James Lilley was ambassador to both China and South Korea. One of the few Americans to travel inside North Korea, he visited the country in 1995. According to Lilley, "Their system is so persuasive, so totalitarian. I mean, it almost makes Hitler look like a boy scout, what these guys do to their population." Their leadership, he says, is delusional as they drag out talks on their nuclear arsenal. "They're playing on it," says Lilley. "They think eventually they're going to take over the peninsula. You go up to North Korea, you're in George Orwell country."

But things are changing. For one, the current talks involve North Korea along with the United States, Russia, Japan, South Korea and China - the North's most important ally. "They just don't tell the Americans to jump in a lake," says Lilley. "They've got to look the Chinese in the eye, who keep them alive with food and oil and support, and tell them to go jump in a lake."

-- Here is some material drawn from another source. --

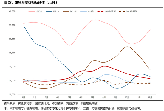 24年高利润窗口期过后,25年或面临养殖利润回归后的低利润阶段。成本端的共振下行周期或还未终结,25年生猪面临成本侧与供给侧的双重压力。25年,受到供给侧持续恢复的影响,现货价格存在向养殖成本回归的驱动,全年预计呈现低利润特征。25年行情波动区间收敛,现货价格预计大部分时间在13-15元/公斤的区间波动,整体价格中枢较24年下移。

China supplies North Korea with both energy and food, and is using those as tools that could be reshaping North Korea's fragile economy. According to Lilley, "The Chinese have a much different technique of putting it through the border to many, many small organizations which feed into the free market aspects of North Korea. That's a much, I think, much more clever way of doing it... It's a stark society, but the cars are beginning to come in, the goods are beginning to come in, and people are beginning to get a taste that there is another life."

For Kim Jong Il, it's a tricky path. He has visited China several times, studying how that country transformed itself, but how the communists retain control. But he has convinced his isolated nation that North Korea is a paradise compared to the rest of the world. Opening doors to the real world could be very dangerous - to him.

"He's afraid if he starts doing that, he undermines 55 years of solid indoctrination that they are a paradise on earth and the South Koreans are starving to death," says Lilley. "If you begin to turn that around, you run big risks."

There is a nuclear bottom line, and that is why the pressure on the North cannot stop. "We want to stop the proliferation. That's the most dangerous thing," says Lilley. "If they get that weaponry in the hands of Al Qaeda or rogue states, that is very, very dangerous."

So think of North Korea as the crazy uncle who comes to dinner; you have to feed him and you have to talk to him all the while you have to hope that someday he will come to his senses.